GOOD DOG!!!!!! Nice to hear!!!


----------



## Drew Peirce (Nov 16, 2006)

Living in a third world south american socialista country does have it's advantages


----------



## Lee H Sternberg (Jan 27, 2008)

Drew Peirce said:


> Living in a third world south american socialista country does have it's advantages


Si, no liability concerns!:grin:


----------



## Meng Xiong (Jan 21, 2009)

Drew Peirce said:


> Living in a third world south american socialista country does have it's advantages


My exact thoughts!




Pat your dog on the head for me Lee. Next time it'd be much cooler if you could get it on vid. 



P.S. Do the police use k9s there?


----------



## Kadi Thingvall (Jan 22, 2007)

Gotta love it when it all comes together and they do their job. The lack of liability is a nice touch also


----------



## Lee H Sternberg (Jan 27, 2008)

Meng Xiong said:


> My exact thoughts!
> 
> 
> 
> ...


I've seen a few in the capital city, San Jose. They were laughable garbage. That was a few years ago. I don't know if that might have changed. Outside of San Jose I have not seen any.

Maybe they don't need them. The bank guards and police here have sawed off shotguns.

Very impressive and it blows the tourists minds!


----------



## Lee H Sternberg (Jan 27, 2008)

Kadi Thingvall said:


> Gotta love it when it all comes together and they do their job. The lack of liability is a nice touch also


You know Kadi you are exactly right. All those hundreds of hours I spent training with these two was worth it today when I witnessed my guy get drug over the tailgate hanging on this dudes arm the whole way. It is a picture I will always remember. 

There was neat sound effects too. The SOB screaming was pretty great also.


----------



## Tiffany Compton (Oct 7, 2009)

Good dog...


----------



## Ben Thompson (May 2, 2009)

Lee H Sternberg said:


> I took my brother to the airport today after a 10 day visit through the Holidays. After I dropped him off I stopped in downtown Nicoya, Costa Rica for a pizza on the way home.
> 
> Downtown Nicoya is not the best neighborhood in the world but I like the pizza. As is my habit I had one of my dogs with me. I had him crated but I intentionally only latch the crate part way. I do that so if any person gets too aggressive my dog can bust out of the crate and go after him.. I ALWAYS park my pickup where I can see it because car theft is a national pastime here in CR.
> 
> ...


 I wonder what the penalty for stealing a item like that in CR is? Maybe the dog bite is actually the best thing that could have happened to the guy make him think twice about pulling that again.


----------



## Maren Bell Jones (Jun 7, 2006)

Lee H Sternberg said:


> I praised the hell out of him before I spoke with the cops.
> 
> Beef here SUCKS.


Well, I hope he got a piece of that awesome pizza then! ;-) =D>


----------



## Lee H Sternberg (Jan 27, 2008)

Ben Thompson said:


> I wonder what the penalty for stealing a item like that in CR is? Maybe the dog bite is actually the best thing that could have happened to the guy make him think twice about pulling that again.

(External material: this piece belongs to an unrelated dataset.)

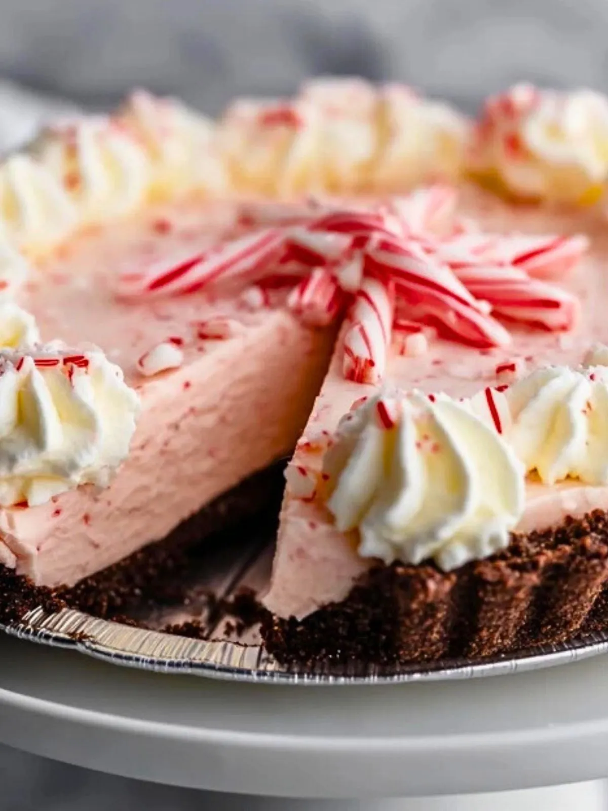 Juste avant de servir, décorez avec de la crème chantilly maison et des morceaux de cannes de bonbon pour une note festive. Servez bien frais.

Part of the crime problem in Costa Rica is the courts are very lax and forgiving on most criminal activities. The guy would have received not much more than a slap on the hand.

Public opinion is trying to change that and put some teeth in the court system.

The cops and the crowd were all smiles.


----------



## Lee H Sternberg (Jan 27, 2008)

Maren Bell Jones said:


> Well, I hope he got a piece of that awesome pizza then! ;-) =D>


Sorry, I hogged it all! 

It was cooked in a wood burning clay oven with some kind of hardwood that everyone around here uses for cooking. My in-laws make and sell bread made the same way. Makes yummie crust.


----------



## Howard Knauf (May 10, 2008)

OK Lee.....Now, I don't want you driving around town with all kinds of enticing wire eminating from your truck to lure would be bad guys...(or Dutchie Sushi)...so that you can keep getting some REAL scenarios:-\"

You wouldn't do that, would you?:twisted:


----------



## Lee H Sternberg (Jan 27, 2008)

Howard Knauf said:


> OK Lee.....Now, I don't want you driving around town with all kinds of enticing wire eminating from your truck to lure would be bad guys...(or Dutchie Sushi)...so that you can keep getting some REAL scenarios:-\"
> 
> You wouldn't do that, would you?:twisted:


Ya know Howard, I almost lifted up the back seat that day and put the spool inside the truck. Then I thought I got the dog, the truck is right across the street on the main drag and it is broad daylight. 

I never expected a purse snatcher kind of move. That was a reasonably heavy spool. 

My whole thought process proved wrong.


----------



## Howard Knauf (May 10, 2008)

Hunting is good in CR=D>=D>=D>


----------